DETCurve(true_scores, false_scores)

#plt.show()

## Plotagem de histograma

In [None]:

plt.figure()

plt.rcParams["figure.figsize"] = (10,8) 


minbin, maxbin = 0.0,1.0
bins = np.linspace(minbin, maxbin, 50)

kwargs = dict(histtype='stepfilled', alpha=0.3, density=True, bins=bins, ec="k")

plt.hist(true_scores,label='true', **kwargs)
plt.hist(false_scores,label='false', **kwargs)
plt.legend(loc='upper left')
plt.title('Distances')

plt.show()


In [None]:
in_length = 3 # seconds  by default, the model takes inputs of 3 seconds with no overlap

plt.rcParams["figure.figsize"] = (10,8) # set size of the figures
fontsize = 12 # set figures font size

In [None]:
fig, ax = plt.subplots()

taggram = results[0]['taggram']
tags = results[0]['tags']

# title
ax.title.set_text('Taggram')
ax.title.set_fontsize(fontsize)

# x-axis title
ax.set_xlabel('(seconds)', fontsize=fontsize)

# y-axis
y_pos = np.arange(len(tags))
ax.set_yticks(y_pos)
ax.set_yticklabels(tags, fontsize=fontsize-1)

# x-axis
x_pos = np.arange(taggram.shape[0])
x_label = np.arange(in_length/2, in_length*taggram.shape[0], 3)
ax.set_xticks(x_pos)
ax.set_xticklabels(x_label, fontsize=fontsize)

# depict taggram
ax.imshow(taggram.T, interpolation=None, aspect="auto")
plt.show()

----------------------------------
### How did we compute the top3 tags?

Note that the Taggram can be interpreted as the temporal evolution of the tags likelihood.

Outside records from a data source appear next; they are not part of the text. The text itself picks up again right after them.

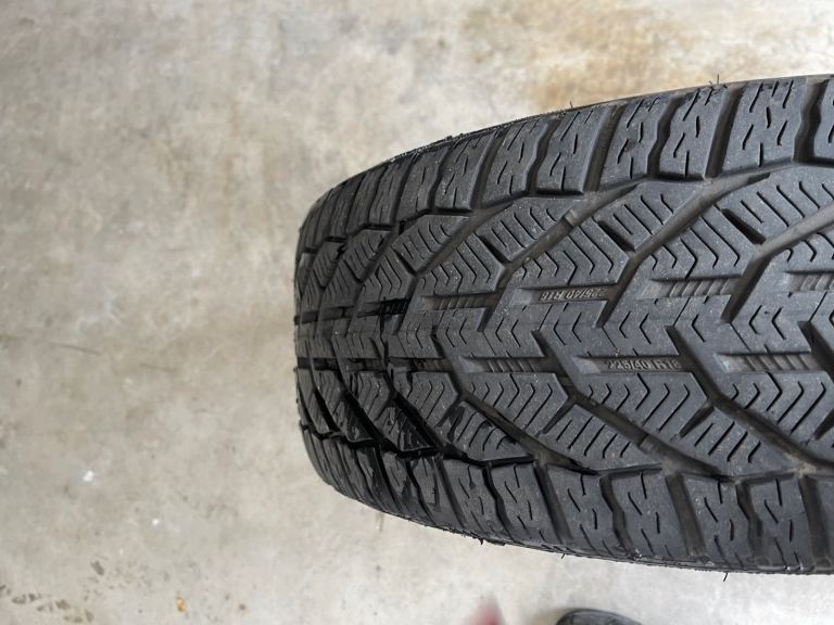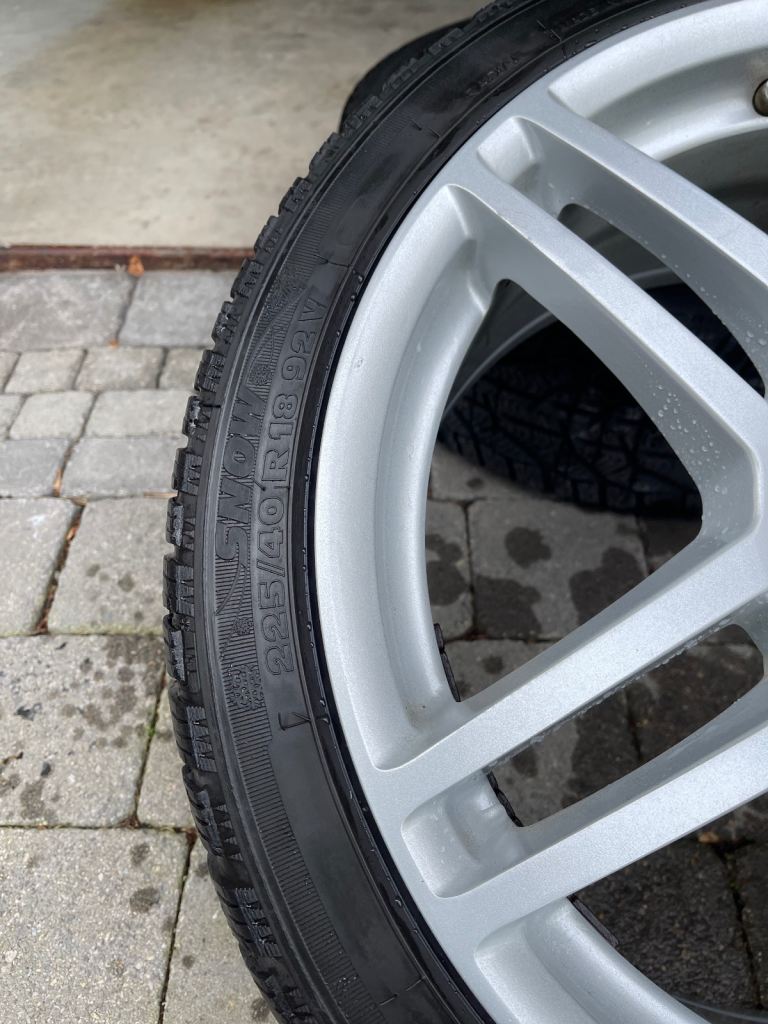Wheels with winter tyres, fitted with Mercedes pressure valves. Tyres good condition, a few scratches on alloys.
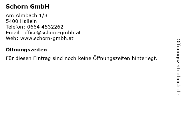 | Öffnungszeiten Schorn GmbH in Hallein anzeigen | |
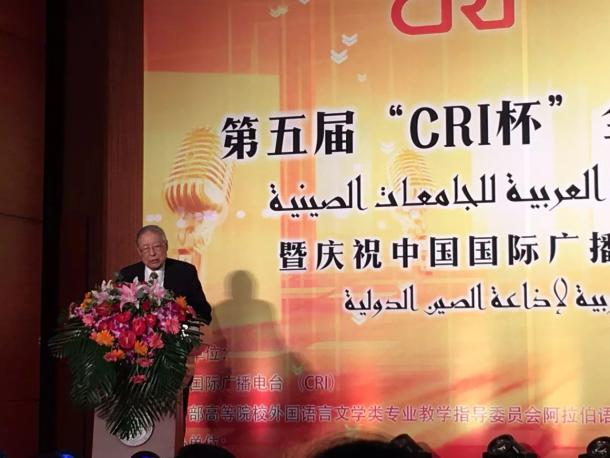 外交部原副部长杨福昌进行大赛致辞时表示:翻译的工作是值得尊敬的,没有翻译的努力,很多事情是沟通不了的。希望参加演讲比赛的同学们,不断提升语言造诣,为将来中阿友谊的发展做出贡献。
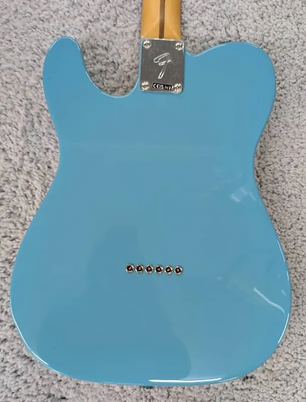Гитара Fender Player II Telecaster, накладка на гриф из розового дерева, цвет Aquatone Blue - MIM. Butler Music теперь имеет в наличии все 79 моделей новой серии Player II, при этом большинство моделей доступны в нескольких экземплярах. Чтобы точно передать качество этих отличных обновленных моделей, мы будем использовать реальные фотографии каждой гитары, которую публикуем, отправлять их настроенными и готовыми к игре, а также указывать вес каждой гитары или баса, чтобы вы точно знали, что получите. Эта гитара имеет серийный номер MX24102395 и весит 7 фунтов 6,52 унций. Абсолютно новая серия Player II развивает чрезвычайно популярную формулу Player. Новые особенности Player II включают никогда ранее не используемые винтажные автоцвета, накладки на гриф из розового дерева, усовершенствованные мосты и фурнитуру, закругленные края грифа, новый оттенок грифа, состаренные пластиковые детали, а также новые варианты древесины корпуса из резонирующей эстрадной ясеневой и камерованной красного дерева. Сохраняя суть того, что сделало оригинальную серию великой - Player. Звукосниматели, современные грифы формы «C», накладки грифов радиусом 9,5 дюйма и средне-джамбо лады - новая серия Player II расширяет эту прочную основу широким спектром обновлений и новых опций. Разработанная для музыкантов, готовых сделать следующий шаг в своем музыкальном пути, Player II становится новым эталоном доступного качества и производительности. Вот некоторая информация об этой конкретной гитаре.Корпус - Ольха Отделка корпуса - Глянцевый полиэстер Aquatone Blue Гриф - Клен - современная форма «C» Отделка грифа - сатиновое уретановое покрытие на задней части грифа и глянцевое уретановое покрытие на головке грифа Накладка грифа - цельная розовое дерево, радиус 9,5” (241 мм) Лады - 22, средне-джамбо Маркировка позиций - белые точки Материал и ширина порожка - синтетическая кость, 1,650” (42 мм) Колки - классические механики Fender Длина мензуры - 25,5” (64,77 см) Бридж - Tele с шестью седлами и стальными блок-седлами, струны проходят через корпус Задняя панель - 3-слойная бумага цвета пергамент Звукосниматели - Player II Series Alnico 5 Tele, сингл-кoйлы Переключатель звукоснимателей - 3 положения Рукоятки управления - Главный уровень громкости, Основной тон Регулировочные ручки - Рифленые с плоской верхней частью Аппаратура/отделка - Никель/хром Струны - Fender USA 250L, сталь с никелевым покрытием, .009-.042 Чехол или сумка - ОТСУТСТВУЕТ

From the Taggram, we can compute the **song-level tags likelihood** by simply averaging through time:

In [None]:
tags_likelihood_mean = np.mean(taggram, axis=0) # averaging the Taggram through time 

This song-level tags likelihood has the following shape:

In [None]:
fig, ax = plt.subplots()

# title
ax.title.set_text('Tags likelihood (mean of the taggram)')
ax.title.set_fontsize(fontsize)

# y-axis title
ax.set_ylabel('(likelihood)', fontsize=fontsize)

# y-axis
ax.set_ylim((0, 1))
ax.tick_params(axis="y", labelsize=fontsize)

# x-axis
ax.tick_params(axis="x", labelsize=fontsize-1)
pos = np.arange(len(tags))
ax.set_xticks(pos)
ax.set_xticklabels(tags, rotation=90)

# depict song-level tags likelihood
ax.bar(pos, tags_likelihood_mean)
plt.show()

From the above tags likelihood, the `top_tag()` function computes the **top3** tags.